[Your assignment]: From the data below, return all lines holding the string "green".

START Data extract

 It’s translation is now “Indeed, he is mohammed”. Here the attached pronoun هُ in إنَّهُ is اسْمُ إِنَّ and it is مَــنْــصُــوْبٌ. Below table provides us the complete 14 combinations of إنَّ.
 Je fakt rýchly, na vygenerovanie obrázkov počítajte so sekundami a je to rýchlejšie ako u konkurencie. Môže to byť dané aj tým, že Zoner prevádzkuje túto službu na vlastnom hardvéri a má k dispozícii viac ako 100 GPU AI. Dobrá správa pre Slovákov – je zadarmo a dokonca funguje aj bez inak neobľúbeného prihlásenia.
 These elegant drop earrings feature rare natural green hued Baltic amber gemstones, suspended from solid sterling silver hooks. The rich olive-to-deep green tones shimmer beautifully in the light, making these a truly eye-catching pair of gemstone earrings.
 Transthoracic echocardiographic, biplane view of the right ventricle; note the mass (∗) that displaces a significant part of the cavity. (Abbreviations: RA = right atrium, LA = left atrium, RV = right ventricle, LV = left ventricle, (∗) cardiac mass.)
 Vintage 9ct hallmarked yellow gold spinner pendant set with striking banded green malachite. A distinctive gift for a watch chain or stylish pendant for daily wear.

END Data extract
START Data extract

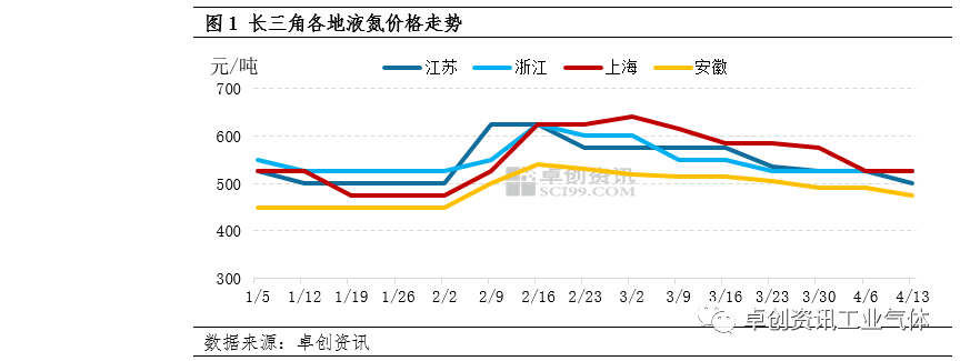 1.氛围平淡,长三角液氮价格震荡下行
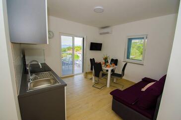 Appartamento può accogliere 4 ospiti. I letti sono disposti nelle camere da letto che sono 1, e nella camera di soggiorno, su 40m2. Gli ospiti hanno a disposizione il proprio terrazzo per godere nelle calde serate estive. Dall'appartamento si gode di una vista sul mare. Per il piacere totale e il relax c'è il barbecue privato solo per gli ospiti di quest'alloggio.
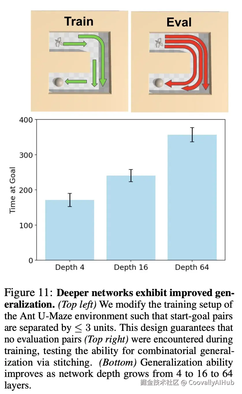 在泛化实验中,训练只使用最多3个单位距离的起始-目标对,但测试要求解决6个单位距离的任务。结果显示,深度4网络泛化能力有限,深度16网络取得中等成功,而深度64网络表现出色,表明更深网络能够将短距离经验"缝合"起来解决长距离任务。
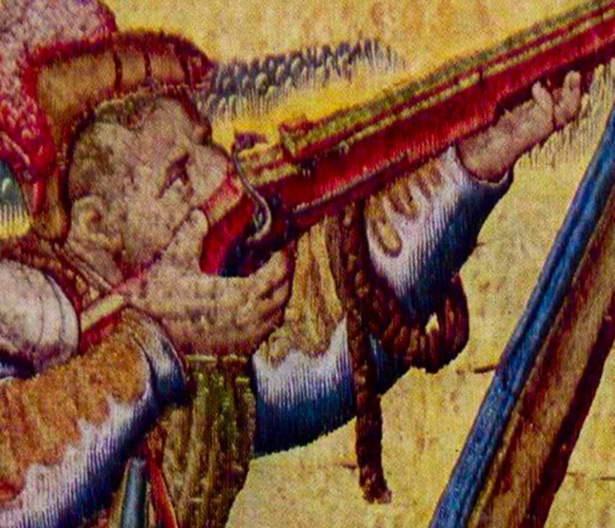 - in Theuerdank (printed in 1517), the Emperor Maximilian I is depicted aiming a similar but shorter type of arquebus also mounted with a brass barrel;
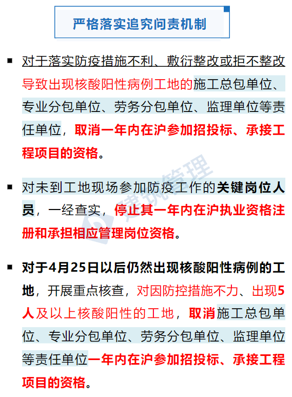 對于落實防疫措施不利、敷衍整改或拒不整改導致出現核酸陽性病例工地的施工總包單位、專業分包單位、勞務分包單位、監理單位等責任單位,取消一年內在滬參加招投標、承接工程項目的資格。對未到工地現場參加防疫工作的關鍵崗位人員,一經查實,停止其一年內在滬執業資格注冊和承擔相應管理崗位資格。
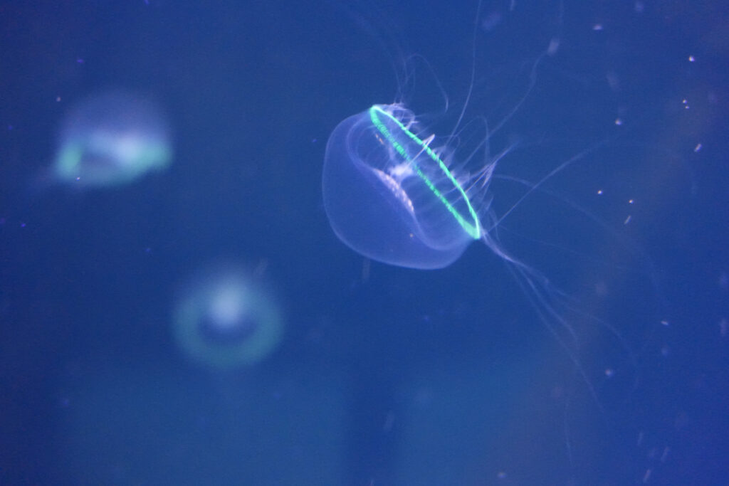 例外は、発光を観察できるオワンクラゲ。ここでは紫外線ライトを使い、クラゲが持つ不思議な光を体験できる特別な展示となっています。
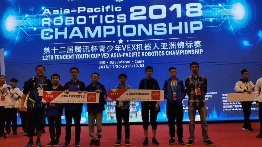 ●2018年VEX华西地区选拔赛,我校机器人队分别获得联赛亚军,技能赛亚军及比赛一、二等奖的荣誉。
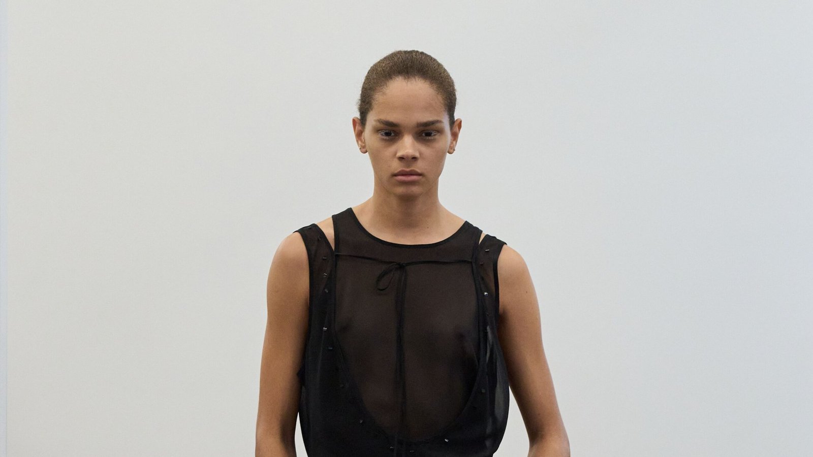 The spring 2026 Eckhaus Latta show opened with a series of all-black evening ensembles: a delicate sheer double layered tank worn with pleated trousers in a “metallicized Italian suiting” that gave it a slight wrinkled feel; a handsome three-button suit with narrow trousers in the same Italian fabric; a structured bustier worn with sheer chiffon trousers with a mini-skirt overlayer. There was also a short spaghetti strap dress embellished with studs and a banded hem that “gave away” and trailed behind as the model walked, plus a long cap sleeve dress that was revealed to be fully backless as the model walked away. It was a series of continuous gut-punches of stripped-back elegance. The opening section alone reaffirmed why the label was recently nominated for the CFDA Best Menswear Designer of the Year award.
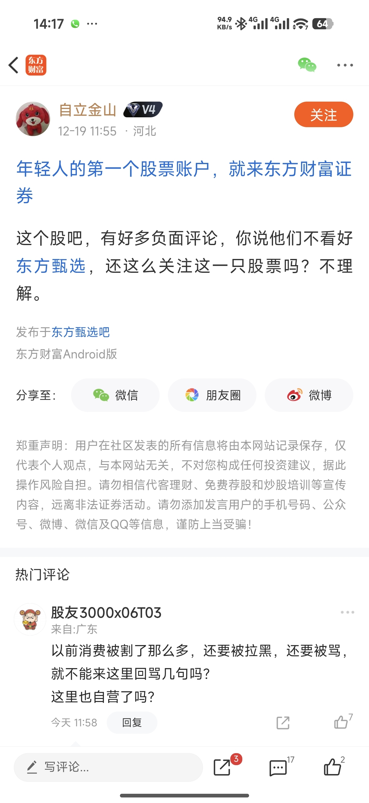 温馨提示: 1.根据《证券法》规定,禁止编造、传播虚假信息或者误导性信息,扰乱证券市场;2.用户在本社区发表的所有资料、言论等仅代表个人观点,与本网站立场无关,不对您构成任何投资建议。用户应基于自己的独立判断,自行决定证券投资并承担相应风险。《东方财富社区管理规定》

END Data extract
START Data extract

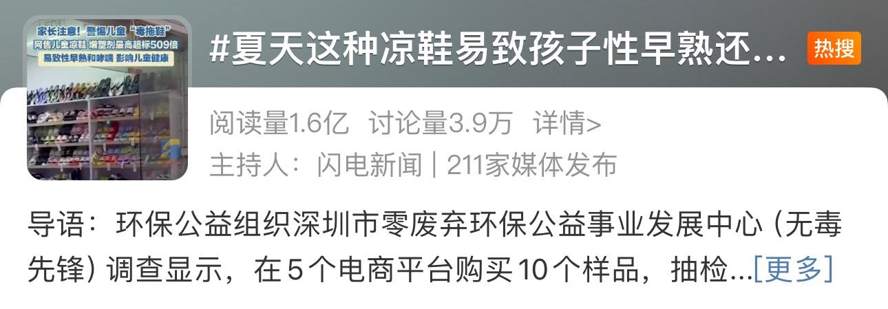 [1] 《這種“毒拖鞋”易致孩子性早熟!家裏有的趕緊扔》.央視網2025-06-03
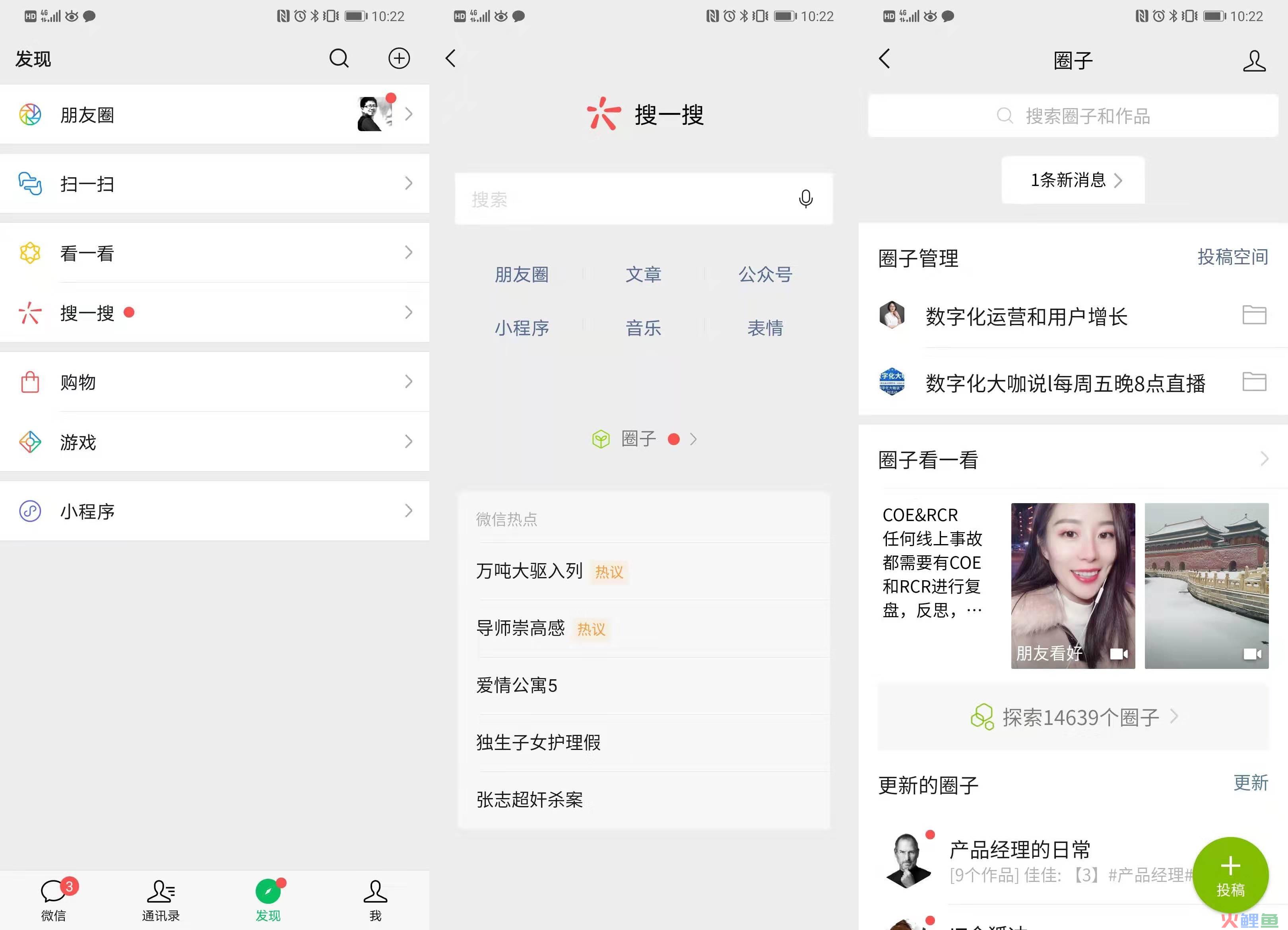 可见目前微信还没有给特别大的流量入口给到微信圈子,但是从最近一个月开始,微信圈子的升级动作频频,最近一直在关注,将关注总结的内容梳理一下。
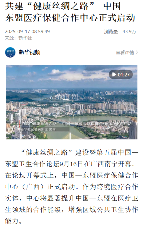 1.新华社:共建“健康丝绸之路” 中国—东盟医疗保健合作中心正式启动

END Data extract

[Result below]:
 These elegant drop earrings feature rare natural green hued Baltic amber gemstones, suspended from solid sterling silver hooks. The rich olive-to-deep green tones shimmer beautifully in the light, making these a truly eye-catching pair of gemstone earrings.
 Vintage 9ct hallmarked yellow gold spinner pendant set with striking banded green malachite. A distinctive gift for a watch chain or stylish pendant for daily wear.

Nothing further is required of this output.